The New Atlantis article is reasonably responsible with the data – but I doubt that very many people are going to read it. What will happen in reality is that politically motivated pundits, like Austin Ruse writing over at Crisis, will jump and down waving the paper and hollering about how “science” has proved that they are right.

What they will miss is that even though the article itself is a reasonably balanced and sober-minded review of the available literature, it suffers from blatant confirmation bias. Evidence that supports partial biological causation is consistently acknowledged, but it’s also consistently trivialized. Evidence that undermines the biological causation narrative is consistently privileged.

The authors do have the integrity to point out the methodological limitations in the research on both sides of the question, but the article kind of sends a mixed message: on the one hand, it consistently points to the gaps in our knowledge, the small sample sizes involved in the studies, the inconclusiveness of the research – and on the other hand, it subtly (and sometimes not so subtly) suggests that once we know more we’ll be able to be sure that the causes are primarily social and psychological.

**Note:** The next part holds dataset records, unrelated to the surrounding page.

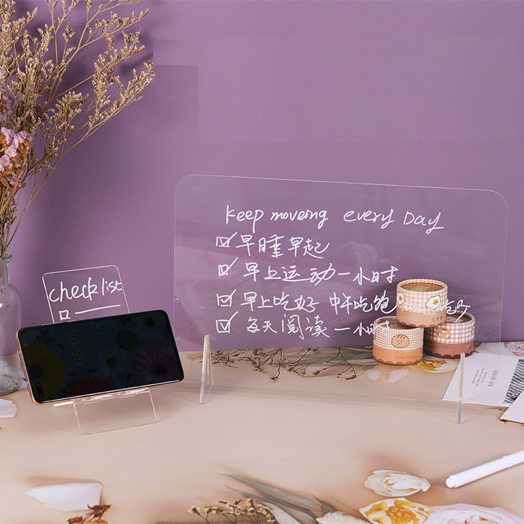 This desktop acrylic message board comes with a matching phone holder and white pen. It makes the ideal employee gift to use in home or office desk.
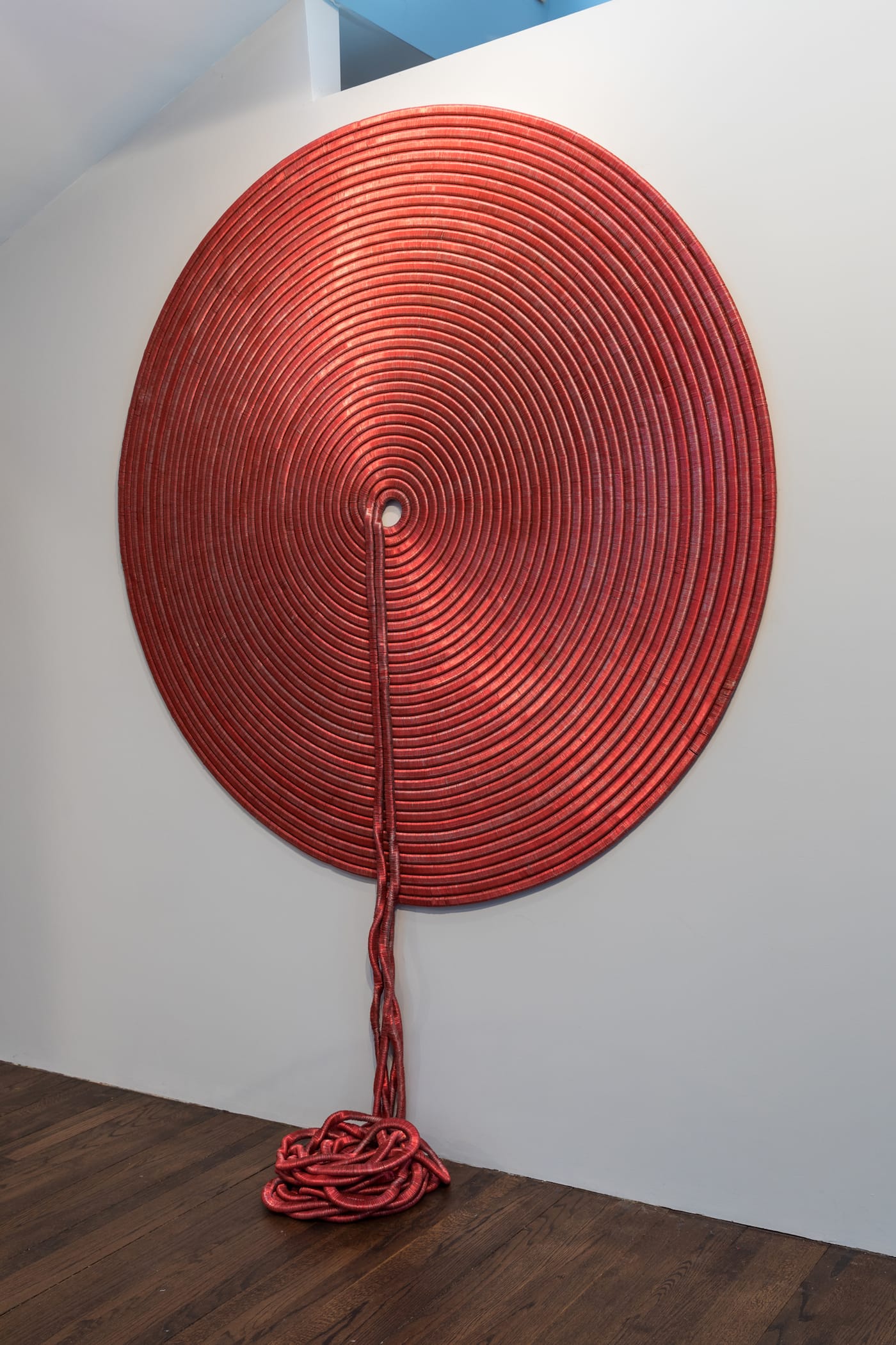 The scope of the exhibit is striking: the 20 artists featured contributed objects ranging from jewelry pieces to abstract sculptures, fashioned from materials like iron, steel, bronze, silver, gold, brass, and pewter. The vibrant minimalist work of Rana Begum, which is inspired by cityscapes, sits near Alice Hope’s coiled rope of soda can tabs, a piece that defies expectations for what metal as a material evokes. Caroline Rieckhof Brommer’s armor-like metal clothes and Katherine Vetne’s flattened casts of pitchers, as well as Holly Laws’ cage-like ironing board structures, introduce domesticity with a sharp, critical edge, while Carolina Sardi’s plated steel wall-mounted configurations are rich and minimalist.
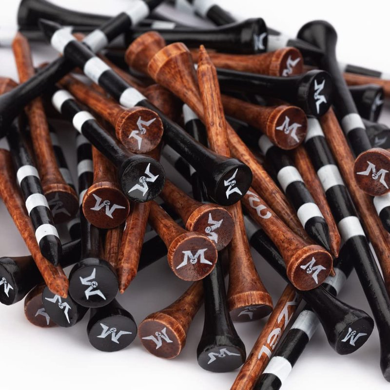 MAZEL Professional Natural Wood/Bamboo Golf Tees 2 3/4 Inch & 3 1/4 Inch,Pack 50,Reduce Friction & Side Spin, More Durable and Stable Golf Tees (Black &Brown Wood Tees)
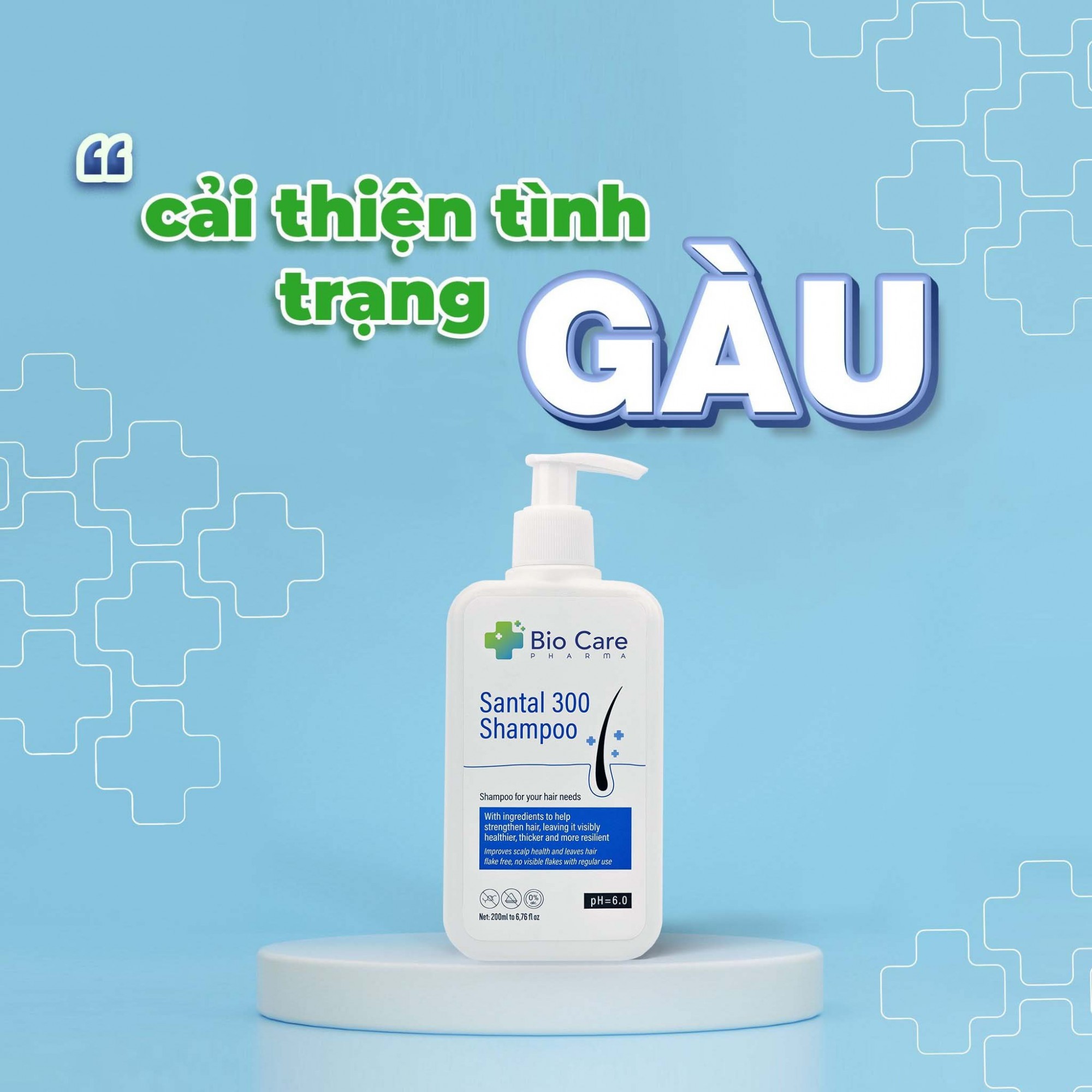 Santal 300 Shampoo là sản phẩm được BioCare Pharma đặc biệt chăm chút trong việc nghiên cứu và sáng tạo công thức độc quyền, với mục tiêu giải quyết vấn đề gàu do nấm malassezia gây ra. Với thành phần được lựa chọn kỹ càng và hiệu quả, sản phẩm có khả năng cải thiện tình trạng gàu một cách nhanh chóng và hiệu quả.
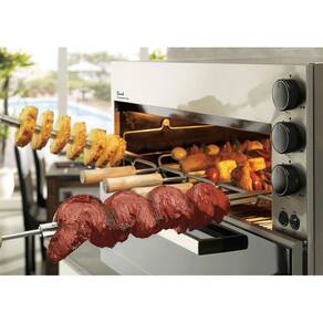 Caracteristicas: Modelo: 18123-19258 espetos GN Tensao: Bivolt Potencia do Motor: 5 x 4W Potencia dos Queimadores: 3 x 2.250Kcal Consumo de Gas: 570 g/h de GLP Pressao do Gas: 28 a 37 mbar = 2,8 a 3,7 kPa -GLP- / 20 mbar = 2,0 kPa -GN-

As the authors of the Psychological Science in the Public Interest article point out, an individuals political attitudes about sexual orientation tend to correlate with their views of the causes of sexual orientation. Those who hold positive attitudes (i.e., that there is nothing inherently wrong with non-heterosexuality or its open expression) have tended to believe that sexual orientation is due to nonsocial causes such as genetics. Those who hold negative attitudes (i.e., that non-heterosexuality is undesirable or immoral and that society should restrict its free expression) have tended to believe that homosexuality has social causes, such as early sexual experiences and cultural acceptance of non-heterosexuality. We refer to these as the “nonsocial” and “social” hypotheses, respectively. Both hypotheses require direct scientific support; neither can claim confirmation solely because support for the other is weak.

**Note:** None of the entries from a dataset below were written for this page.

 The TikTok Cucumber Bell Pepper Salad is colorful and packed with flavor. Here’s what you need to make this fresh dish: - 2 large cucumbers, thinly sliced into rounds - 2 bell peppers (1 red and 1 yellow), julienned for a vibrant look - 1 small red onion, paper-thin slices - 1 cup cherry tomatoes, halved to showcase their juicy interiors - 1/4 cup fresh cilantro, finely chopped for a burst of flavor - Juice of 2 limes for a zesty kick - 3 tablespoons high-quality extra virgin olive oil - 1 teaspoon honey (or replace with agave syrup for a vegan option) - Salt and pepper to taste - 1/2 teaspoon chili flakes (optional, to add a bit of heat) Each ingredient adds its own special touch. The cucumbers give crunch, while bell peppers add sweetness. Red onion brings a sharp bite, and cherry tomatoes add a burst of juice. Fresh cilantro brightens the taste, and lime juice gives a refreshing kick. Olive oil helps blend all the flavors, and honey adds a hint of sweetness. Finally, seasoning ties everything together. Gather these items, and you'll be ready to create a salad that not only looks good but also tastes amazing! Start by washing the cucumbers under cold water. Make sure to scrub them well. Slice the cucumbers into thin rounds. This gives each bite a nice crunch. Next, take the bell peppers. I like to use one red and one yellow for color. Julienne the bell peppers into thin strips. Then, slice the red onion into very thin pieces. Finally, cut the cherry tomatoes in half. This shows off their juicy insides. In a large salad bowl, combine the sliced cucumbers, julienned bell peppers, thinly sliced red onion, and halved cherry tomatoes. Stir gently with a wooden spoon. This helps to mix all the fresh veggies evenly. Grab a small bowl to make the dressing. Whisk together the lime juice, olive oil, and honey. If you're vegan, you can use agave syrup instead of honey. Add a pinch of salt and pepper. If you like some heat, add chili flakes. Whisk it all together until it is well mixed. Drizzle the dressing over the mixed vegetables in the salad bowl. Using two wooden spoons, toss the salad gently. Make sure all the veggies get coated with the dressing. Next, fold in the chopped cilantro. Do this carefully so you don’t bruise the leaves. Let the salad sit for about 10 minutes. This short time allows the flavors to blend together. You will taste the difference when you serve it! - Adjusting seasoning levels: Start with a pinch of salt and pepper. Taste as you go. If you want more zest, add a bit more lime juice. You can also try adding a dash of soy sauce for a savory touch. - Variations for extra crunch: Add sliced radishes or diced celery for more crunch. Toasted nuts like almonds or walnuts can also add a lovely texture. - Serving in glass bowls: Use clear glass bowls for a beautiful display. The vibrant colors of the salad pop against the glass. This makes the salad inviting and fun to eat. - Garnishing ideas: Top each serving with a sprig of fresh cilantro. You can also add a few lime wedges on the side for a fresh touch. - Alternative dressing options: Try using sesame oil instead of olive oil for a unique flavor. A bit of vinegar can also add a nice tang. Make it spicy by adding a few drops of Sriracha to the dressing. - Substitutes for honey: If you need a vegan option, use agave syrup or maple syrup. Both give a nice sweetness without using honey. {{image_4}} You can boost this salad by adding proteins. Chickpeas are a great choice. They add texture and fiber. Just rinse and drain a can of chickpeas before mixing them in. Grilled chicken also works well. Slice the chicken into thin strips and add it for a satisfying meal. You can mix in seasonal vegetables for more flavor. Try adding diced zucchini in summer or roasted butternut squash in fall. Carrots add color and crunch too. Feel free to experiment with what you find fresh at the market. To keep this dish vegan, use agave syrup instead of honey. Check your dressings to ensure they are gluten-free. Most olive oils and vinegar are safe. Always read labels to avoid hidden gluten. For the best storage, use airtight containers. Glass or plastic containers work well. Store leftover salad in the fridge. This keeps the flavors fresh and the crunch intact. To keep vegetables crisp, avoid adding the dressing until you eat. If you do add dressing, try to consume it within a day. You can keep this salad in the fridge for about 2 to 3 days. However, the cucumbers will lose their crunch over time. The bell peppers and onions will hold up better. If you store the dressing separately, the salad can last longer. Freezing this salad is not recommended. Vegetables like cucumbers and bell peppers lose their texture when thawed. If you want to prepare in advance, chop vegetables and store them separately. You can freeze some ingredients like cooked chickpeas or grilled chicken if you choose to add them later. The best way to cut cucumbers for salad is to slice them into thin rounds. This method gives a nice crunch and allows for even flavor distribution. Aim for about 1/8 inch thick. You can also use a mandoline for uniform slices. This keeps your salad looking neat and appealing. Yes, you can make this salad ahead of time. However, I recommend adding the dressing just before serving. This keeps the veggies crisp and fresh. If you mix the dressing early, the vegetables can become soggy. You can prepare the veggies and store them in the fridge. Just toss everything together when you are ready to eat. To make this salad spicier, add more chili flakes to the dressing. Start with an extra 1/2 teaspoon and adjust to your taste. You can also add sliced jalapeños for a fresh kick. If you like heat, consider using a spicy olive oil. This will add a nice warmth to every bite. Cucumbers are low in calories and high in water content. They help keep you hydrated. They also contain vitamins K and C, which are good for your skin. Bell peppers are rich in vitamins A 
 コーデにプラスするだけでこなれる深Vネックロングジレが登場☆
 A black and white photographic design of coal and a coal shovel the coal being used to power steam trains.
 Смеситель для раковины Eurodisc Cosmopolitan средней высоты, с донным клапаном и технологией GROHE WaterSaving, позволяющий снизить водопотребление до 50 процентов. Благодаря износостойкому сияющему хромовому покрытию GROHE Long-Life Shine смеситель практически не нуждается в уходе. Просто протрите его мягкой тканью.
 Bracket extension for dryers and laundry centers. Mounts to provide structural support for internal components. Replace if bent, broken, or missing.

So far, the New Atlantis article seems to be illustrating this point fairly nicely.

Both of these articles are brand new, and both are quite lengthy so it’s going to take me a while to wade through them. As I do, I’ll have more to say. For the moment, I just want to suggest that everybody put on the brakes, take a deep breath, and internalize the fact that “science” has by no means settled these questions and that the discussions will be a lot more fruitful if we actually try to examine the data soberly rather than immediately declaring a victory for our side every time anybody with letters after their name publishes a paper that supports our views.